Je me souviens de l'intense émotion qui m'a submergé lorsque j'ai réalisé, lors d'un des voyages exploratoires qui ont précédé la réalisation de Shoah, que Jan Karski était vivant. J'avais lu Histoire d'un État secret, publié en 1944 aux États-Unis, un livre dans lequel il racontait ses périlleuses missions postales entre la Résistance intérieure polonaise et le gouvernement polonais en exil à Londres, ses visites au ghetto de Varsovie, les demandes désespérées des dirigeants juifs de Pologne, les quelques heures de terreur qu'il avait passées, déguisé en garde ukrainien, dans un camp de « transit » longtemps inidentifiable et considéré à tort par lui comme le camp d'extermination de Belzec.

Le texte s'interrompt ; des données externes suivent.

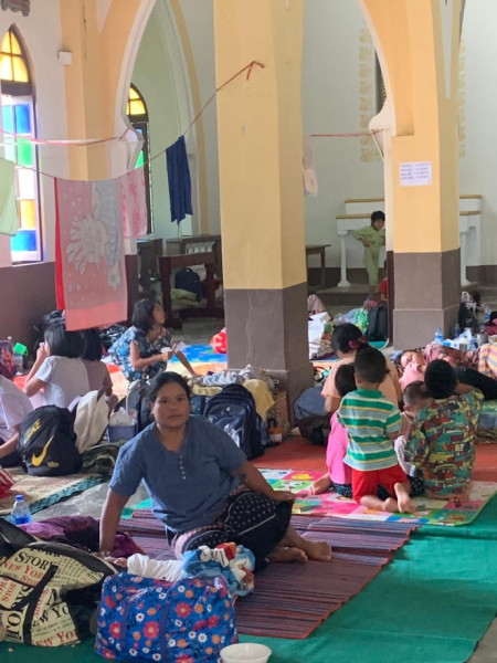 A 90 ezres lakosságból mintegy 50 ezren menekültek el házaikból. Francis Soe Naing azt mondja, amíg lehet, ott marad. Fényképeket is küldött a hírügynökségnek a székesegyházról, ahol asszonyok és gyerekek imádkoznak, az iskolások tanulnak és játszanak, bent étkeznek. A menekülők a templom belső terében rendezkedtek be, megmaradt vagyonukat is oda vitték.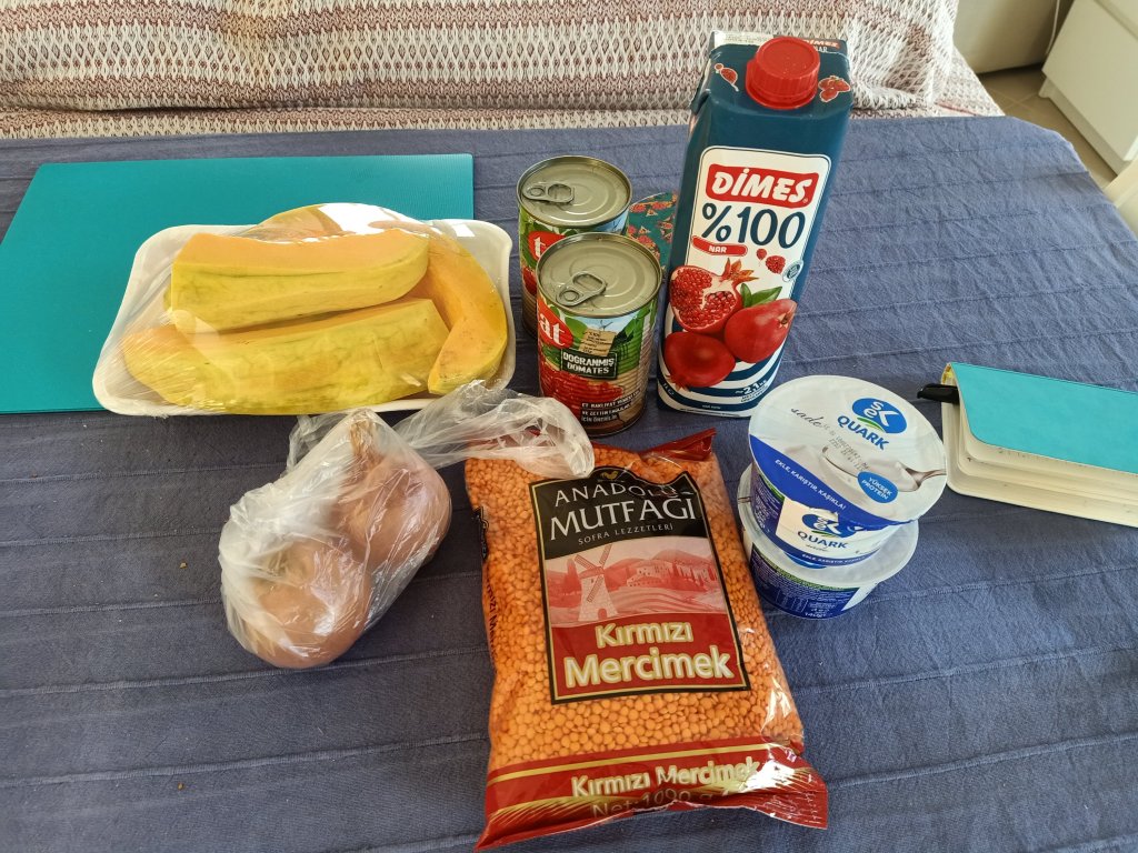 1 bag of red lentils 22.50 lira (£1.05)
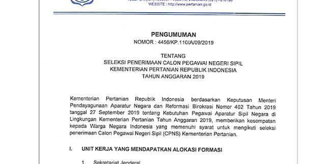 Formasi cpns kementerian pertanian. Surat lamaran dibuat oleh pelamar boleh diketik maupun ditulis. Sebagian besar instansi menyediakan format surat lamaran yang bisa diunduh atau di download dan diisi para pelamarada yang menyertakan dalam tautan terpisah ada yang melampirkannya bersama. Membuat surat lamaran cpns bagi yang belum pernah memang sedikit susah. Permenpan nomor 24 tahun 2019 tentang nilai ambang batas pengadaan calon pegawai negeri sipil tahun 2019. Surat pernyataan penempatan cpns.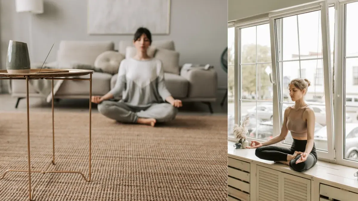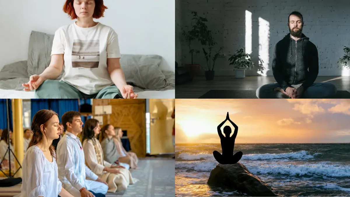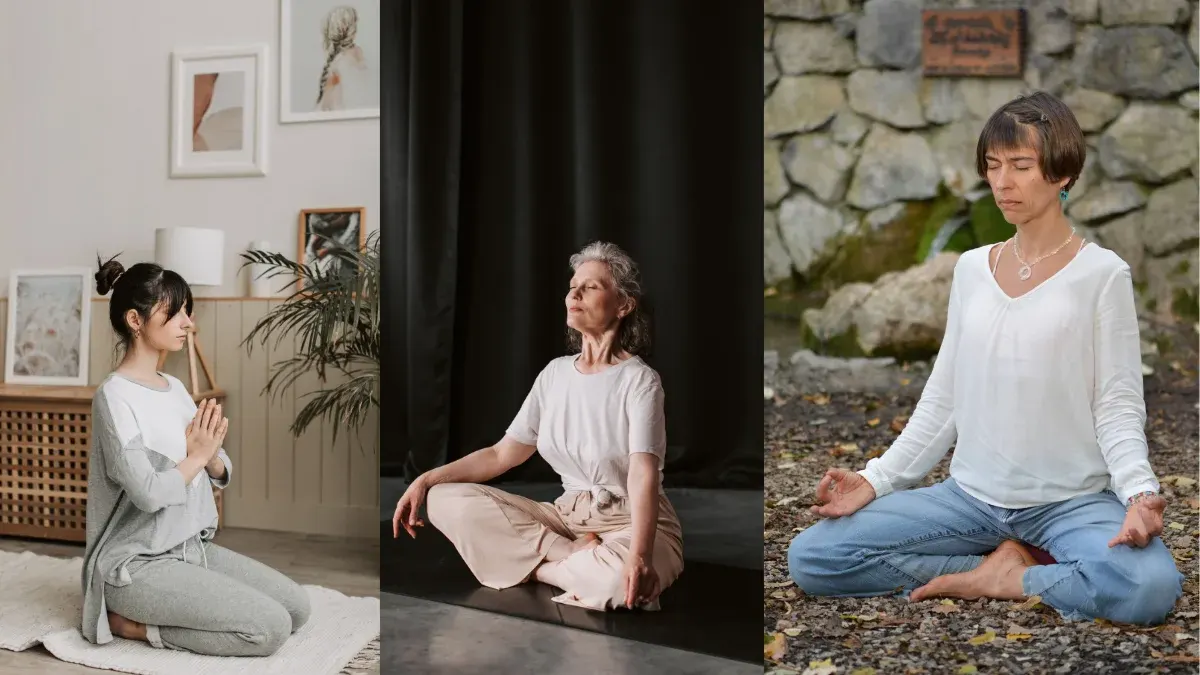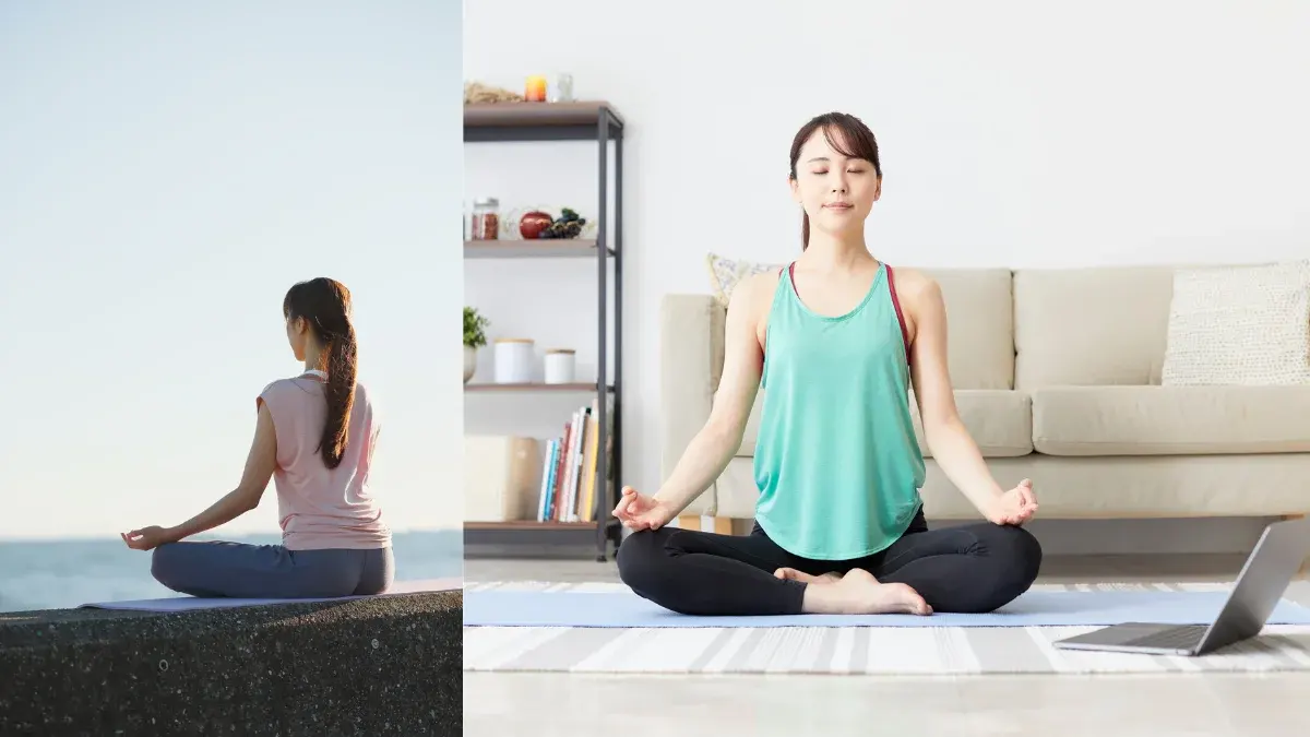 - ท่านั่งสมาธิบนเก้าอี้ นั่งตัวตรงอยู่บนเก้าอี้ ให้เท้าราบกับพื้น มือประสานไว้บนตัก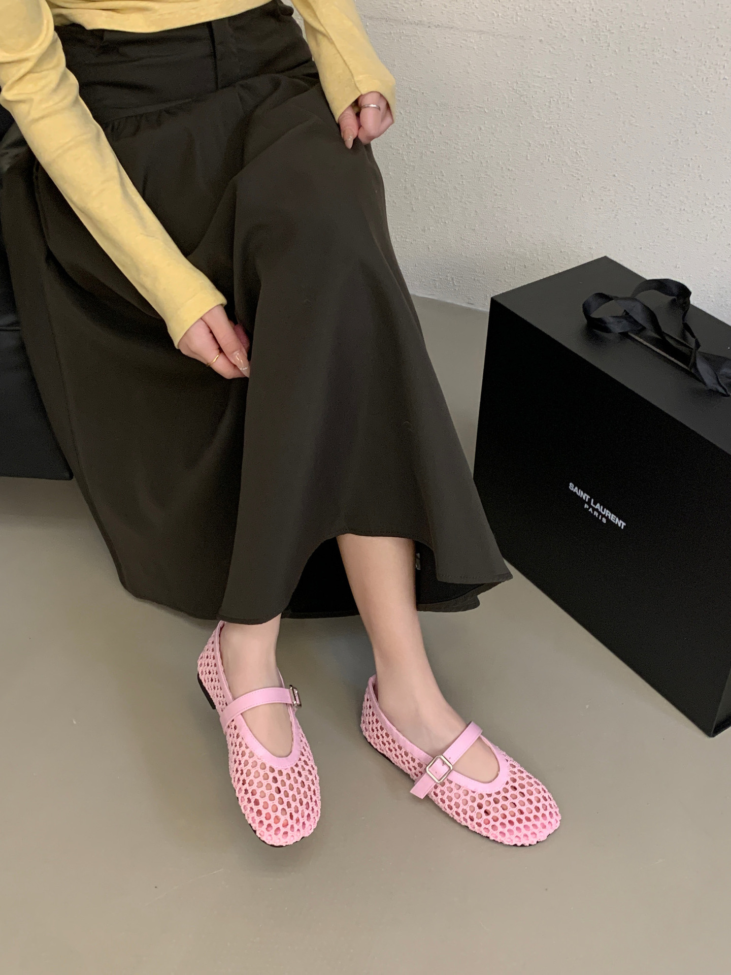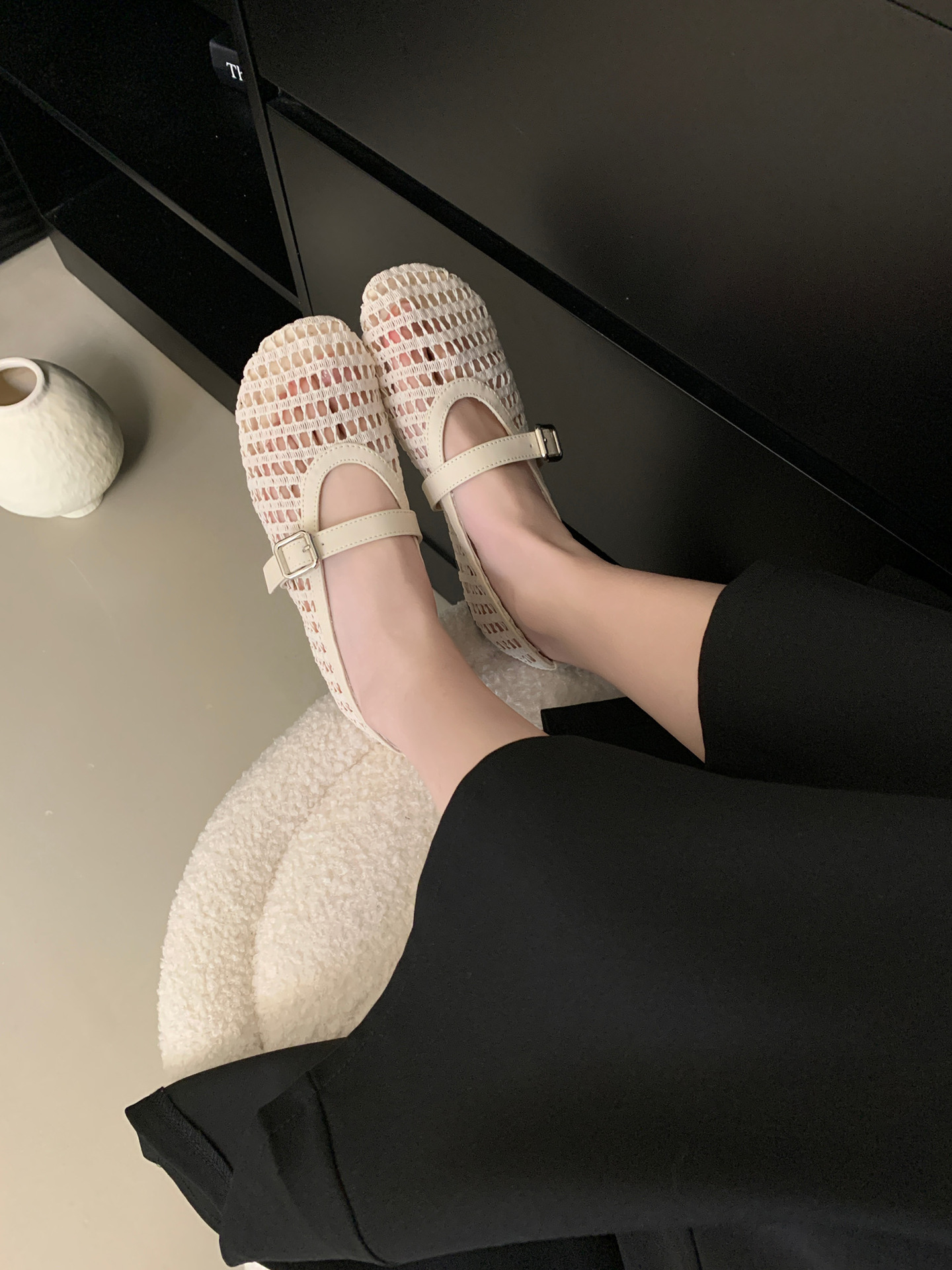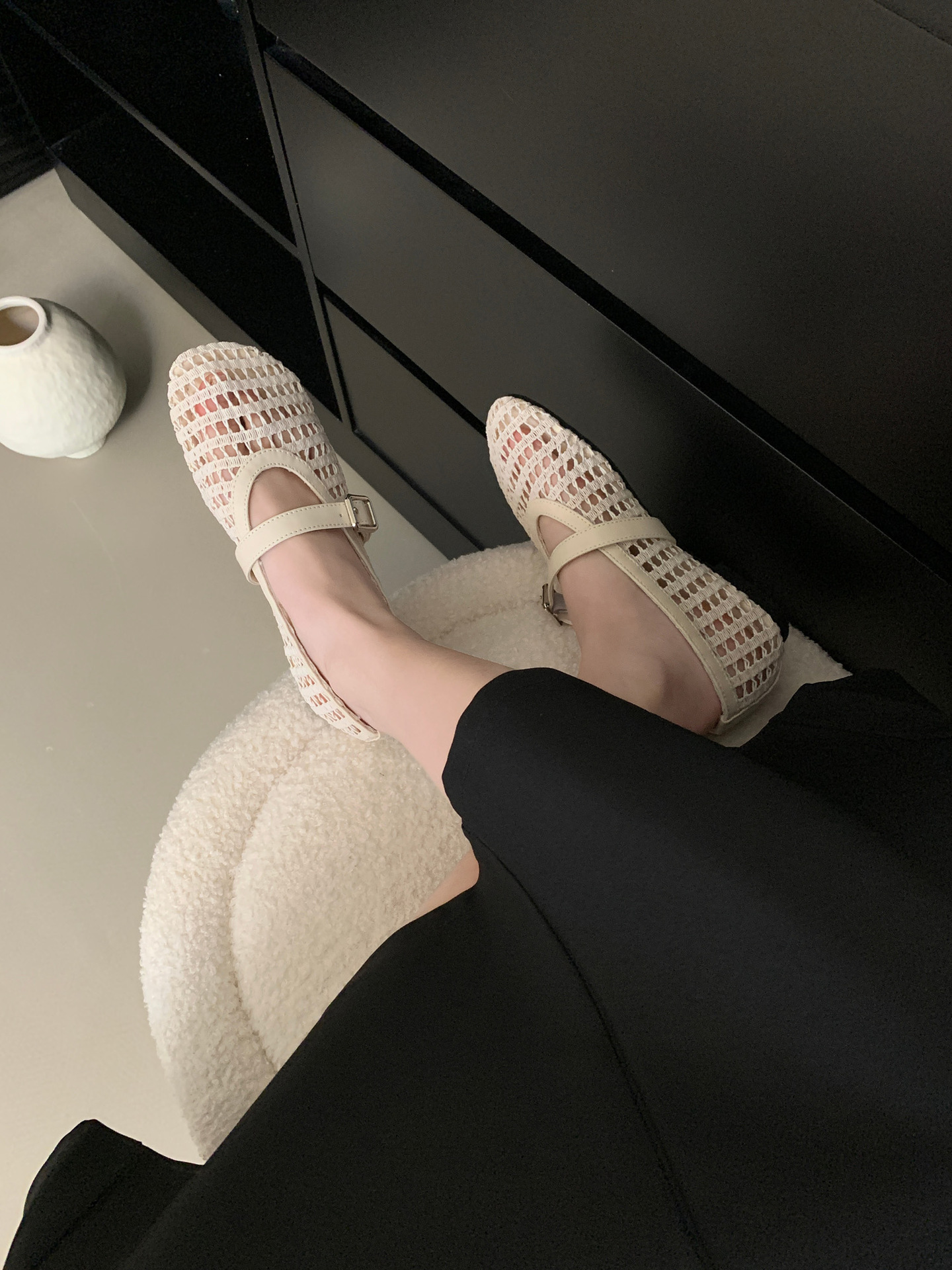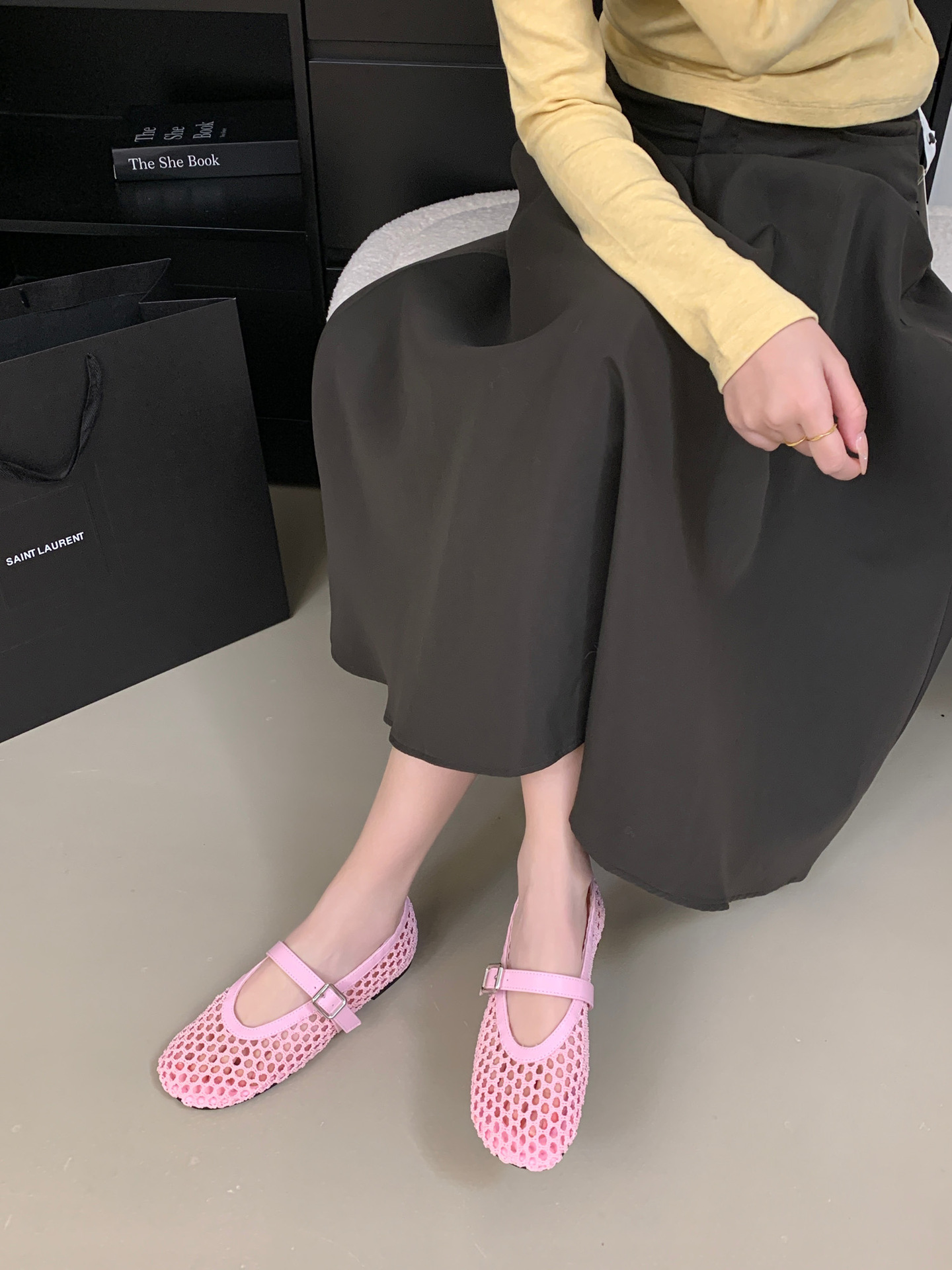 2025년 여름 신상품 라운드 투 메쉬 중공 통기성 원라인 밑창이 있는 다용도 통근 플랫 바닥 해변 휴가 샌들스토어 가기
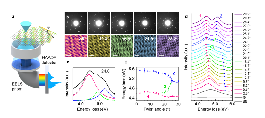 图1.转角h-BN/石墨烯异质结构中带间跃迁的测量。(a)STEM-EELS光路示意图。(b-c)转角分别为5.6°、10.3°、15.5°、21.9°和28.2°的h-BN/石墨烯异质结构的衍射(b)和HAADF图像(c),(c)图中,标尺长度为1 nm。(d) 不同转角的h-BN/石墨烯EELS谱线。(e) 以24°EELS结果为例的分峰方法展示,采用高斯峰形拟合。(f)从(d)中提取出的跃迁能量,其中,误差杆由多次重复测试得到。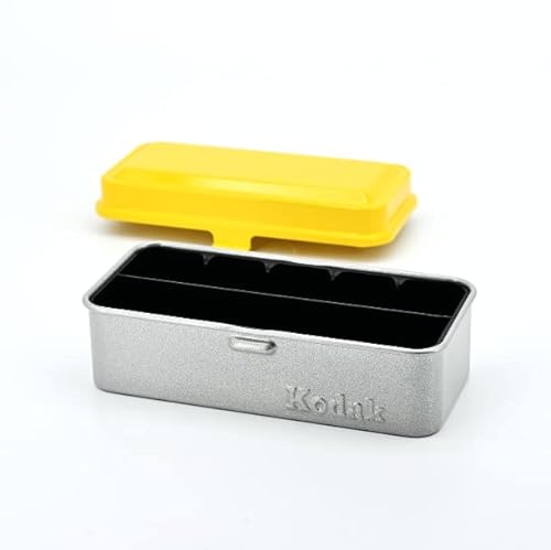 KODAK 120/135 - Custodia per 8 rotoli da 120 pellicole / 10 rotoli di pellicole da 35 mm, retro in acciaio per ordinare e proteggere la pellicola (parte superiore gialla/corpo argento)

Vivant, Karski aurait été un témoin clé pour le film que je réalisais. Mais dès le début de mon travail, j'ai été tellement hanté par l'immensité et la réalité des destructions que je me suis convaincu intérieurement que tous – les victimes, les témoins, les tortionnaires eux-mêmes – avaient péri. Ce furent des années de folie : ce qu’on appelait alors la Shoah était une table rase, et chaque fois que je découvrais une personne vivante, c’était pour moi une exhumation bouleversante, comme lorsque des archéologues découvrent un chef-d’œuvre rare après de longs mois de fouilles obscures et patientes.
C’est ainsi que Karski a vécu ; l’émotion était redoublée lorsque je l’ai vu, puis lorsque j’ai commencé à tourner avec lui. La guerre terminée, Karski avait disparu de la scène publique et, pendant des décennies, un voile de silence a étouffé la Shoah, la laissant entre les mains exclusives de spécialistes. Quarante ans plus tard, en 1985, la sortie de mon film Shoah a ressuscité Karski pour chacun de nous, le plaçant dans l’histoire et dans l’esprit objectif.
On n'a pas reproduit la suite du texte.